We implement this, and then compute the average of all k = 10000 p-values to arrive at a final hypothesis test. The misclassification error is a coarse test of performance, because it doesn’t account for false positives / negatives, so in a similar way, we’ll compute the empirical p-values for sensitivity and specificity:

pTab   <- rep(NA,K)
pSens  <- rep(NA,K)
pSpec  <- rep(NA,K)
for ( i in 1:nrow(resultsTab) ) {
  pTab[i]  <- (length( which( nullResultsTab$error <= resultsTab$error[i] ) ) + 1 ) / ( K + 1 )
  pSens[i] <- (length( which( nullResultsTab$sens  >= resultsTab$sens[i] ) ) + 1 ) / ( K + 1 )
  pSpec[i] <- (length( which( nullResultsTab$spec  >= resultsTab$spec[i] ) ) + 1 ) / ( K + 1 )
}

final.pValueErr  <- mean( pTab )
final.pValueSens <- mean( pSens )
final.pValueSpec <- mean( pSpec )

The results:

  • On misclassification error, we arrive at an average \(p\)-value of 0.5451

And for sensitivity and specificity:

  • Average \(p\)-value for sensitivity = 0.9654
  • Average \(p\)-value for specificity = 0.7135

So we can conclude that the real classification algorithm is performing no better than random (e.g. the null distribution of random classifiers). To see why, we can plot the distributions of sensitivity and specificity for the real classifiers and the random classifiers:

nullResultsTab$lbl <- "Null"
resultsTab$lbl  <- "Actual" 

allResults <- rbind( resultsTab, nullResultsTab )

allResults$lbl <- factor( allResults$lbl )

save( allResults, nullResultsTab, resultsTab, file = "distributionClassificationPerformance.RData")

sens.plot <- ggplot( allResults, aes( x = sens, fill = lbl ) ) +
  geom_histogram( position = "identity", bins = 20, alpha = 0.5 ) +
  xlab("\nSensitivity") +
  ylab("Frequency\n") +
  theme_classic() +
  theme(legend.position="none")


spec.plot <- ggplot( allResults, aes( x = spec, fill = lbl ) ) +
  geom_histogram( position = "identity", bins = 20, alpha = 0.3 ) +
  xlab("\nSpecificity") +
  ylab("Frequency\n") +
  theme_classic() +
  theme(legend.position=c(0,1))

grid.arrange( sens.plot, spec.plot, ncol = 2 )

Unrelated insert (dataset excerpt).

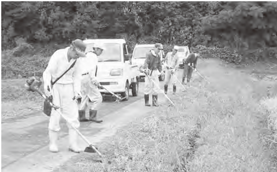
多面的機能の支払制度を活用した地域の農地維持活動（黒谷地内）

2月に計画案の公告縦覧、3月には異議申し立て期間を設けて、4月には計画決定の公告を行っている。

The distributions almost competely overlap. It is informative to look at the random classifier’s use of the predictors, to really understand if the structure shown for the real classifiers (where PANSS_pos was the most imporant predictor) is different from the random classifiers:

p.top1 <- plotPredictors( nullResultsTab$top1, "1st")
p.top2 <- plotPredictors( nullResultsTab$top2, "2nd")
p.top3 <- plotPredictors( nullResultsTab$top3, "3rd")
  
grid.arrange(p.top1, p.top2, p.top3, ncol = 3)

These distributions of the 1st, 2nd and 3rd most important predictors/features is similar to that for the actual classifiers, as we would predict if there are no concrete relationships between the predictors/class labels that can be exploited.